A swath of other problems crop up. Laios sucks at cooking, and Marcille and Chilchuk, the party’s mage and lockpick, are repulsed by the mere thought of eating the monsters that prowl around the dungeon. Enter Senshi, a mysterious dwarf who randomly approaches the party and offers to help them cook monsters. Any given chapter early on usually sees the party run into, defeat, and cook a new monster. Laios and Senshi then rejoice at getting to try a new dungeon meal, and Marcille and others freak out until they try some and realize that it actually tastes pretty good. Rinse dishes and repeat. This simple monster meal of the week formula gets more complicated as the manga continues and we learn about the nature of the dungeon and the backstories of the various party members. Although it’s unlikely that all twists and turns of Dungeon Meshi were planned from the start, the early chapters hold up surprisingly well upon a reread and often subtly foreshadow later events. It’s also a delight to watch the main cast grow to care about each other on a more personal level as they learn to appreciate the surprising intricacy of the dungeon’s ecology.
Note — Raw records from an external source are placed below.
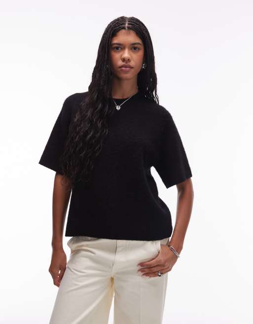 ARKET – Czarny sweter z krótkimi rękawami z domieszką wełny i wełny alpaki
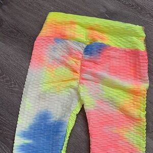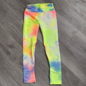 2 NEW TIE DYE LEGGINGS size M , purple/ blue, bright neon yellow , pink
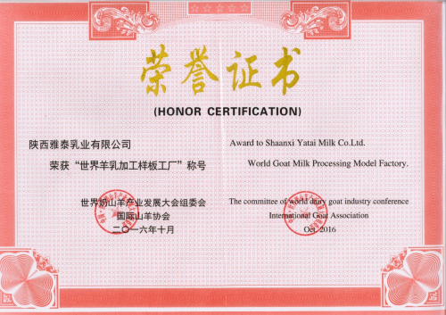 2016年10月,在世界奶山羊产业发展大会组委会授予认可下,雅泰乳业跻身于“世界羊乳加工样板工厂”行列。自此,拥有完整全产业链的雅泰乳业,完全实现了从全自动化到智能化的转变,并成为国产羊奶粉企业中生产能力最强,规模、智能化程度最高的乳制品企业之一。
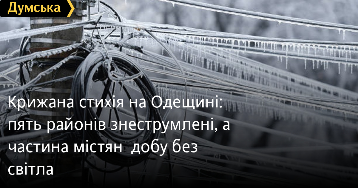 Крижана стихія на Одещині: п’ять районів знеструмлені, а частина містян — добу без світлаМешканці Подільського, Березівського, Роздільнянського, Білгород-Дністровського та Одеського районів області через складні погодні умови залишилися без світла. Як повідомили в ДТЕК, різке намерзання льоду на дротах стало причиною численних обривів ліній та поломок обладнання. Станом на ранок 31 січня деякі мешканці Одеси перебувають без електроенергії вже понад добу. Наразі енергетики пріоритетно забезпечують живлення об’єктів критичної інфраструктури. «Наші фахівці працювали всю ніч і продовжують обстежувати лінії та ремонтувати обладнання зараз. Робимо все можливе, щоб якомога швидше повернути світло в оселі», — зазначають у компанії. Кореспонденти «Думської» повідомляють, з 9:00 ранку в деяких районах Одеси почалося поступове відновлення електропостачання. СМЕРТЬ РОСІЙСЬКИМ ОКУПАНТАМ! Помітили помилку? Виділяйте слова з помилкою та натискайте control-enter |

From its very first chapter, Dungeon Meshi epitomizes the truism “eat or be eaten,” and despite all its comedy and slice of life elements, it doesn’t shy away from depicting the often gruesome realities of its fantasy food chain. Later on in the manga, the simple fact of killing and eating in order to live becomes inextricably tied to desires in general. Just as one has to kill and eat other living beings in order to live, one’s desires can often only be fulfilled at the expense of the desires of others. Thankfully, Dungeon Meshi does not shove this message down the reader’s throat but tastefully builds to it over a slow-burn of cooking and comedy. My compliments to the chef!